Background: Tyrosine kinase inhibitors (TKIs) targeting BCR-ABL1 kinase are effective in treating chronic myeloid leukemia (CML), but TKI resistance occurs in a significant number of patients, and the underlying molecular mechanisms of this resistance remain largely unknown. As an oncomiR, microRNA-21(miR-21) functions directly in drug resistance, but its relationship with TKI resistance in CML is rarely reported. As a novel and effective gene editing tool, clustered regularly interspaced short palindromic repeats–CRISPR-associated protein 9(CRISPR/Cas9) has certain advantages in completely knocking out target genes at the gene level.
Methods: We successfully constructed lentiviruses LV-VMP1-sgRNA (045001) and human chronic myeloid leukemia K562 cells were transducted with them. Single-cell-derived clones were screened for miR-21 deletion by genomic DNA PCR and Sanger sequence. RQ-PCR assays was used to confirm the knockout of miR-21. 3-(4,5-dimethyl-2-thiazolyl)-2, 5-diphenyl-2-H-tetrazolium bromide(MTT) and colony formation assays were applied to assess the cell growth inhibition. Imatinib and dasatinib sensitivity was determined by MTT assay and Annexin-V APC/7-AAD double staining flow cytometry. Western blot assay was performed to measure the levels of Phosphatase and tensin homolog(PTEN), Phosphatidylinositol 3-kinase(PI3K), Serine/threonine Kinase(AKT), p-AKT, BCR-ABL(P210), p-BCR-ABL (p-P210) .
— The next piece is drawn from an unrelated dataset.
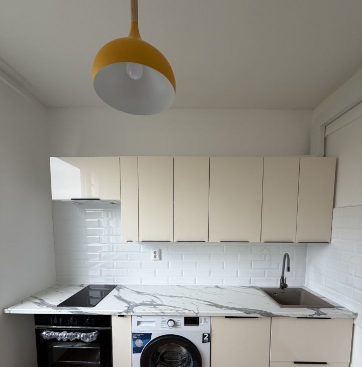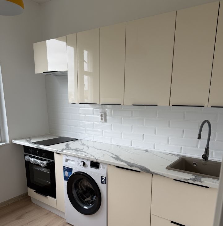 Полностью новая кухня с удобной рабочей зоной и всей необходимой техникой: холодильник, посудомоечная машина, стиральная машина, духовка.
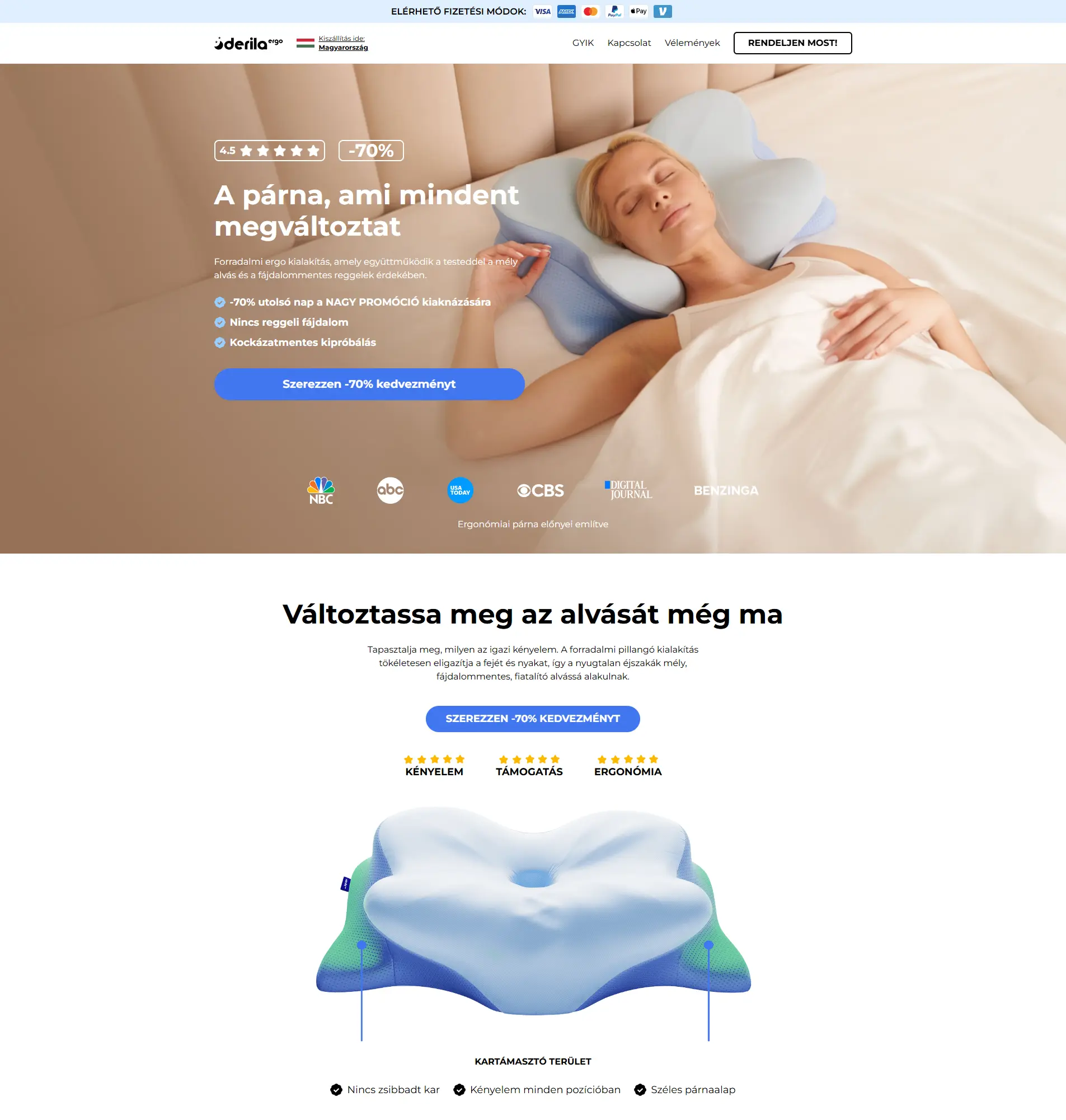 A Derila Ergo nem csupán egy párna, hanem egy forradalmi alvásmegoldás, amelyet kifejezetten a nyak, a váll és a gerinc optimális alátámasztására terveztek. A különleges „pillangó” kialakítás és a prémium memóriahab ötvözete segít megszüntetni a reggeli zsibbadást és fájdalmat, miközben javítja a légutak átjárhatóságát. Ez az összefoglaló hiteles információkat nyújt a Derila Ergo technológiájáról, a vásárlási feltételekről és a magyarországi elérhetőségről.

Result: miR-21 knockout inhibited proliferation of K562 cells, promoted their apoptosis and increased their sensitivity to dasatinib. Further mechanism studies suggest that this is achieved by inhibiting the PI3K/AKT signaling pathway and destroying BCR-ABL.
Conclusions: Our study reveals the efficacy of CRISPR/Cas9 gene editing to miR-21 in K562 and indicates miR-21 as a potential target in sensitizing dasatinib treatment for CML patients with pool response to the TKI targeting therapy.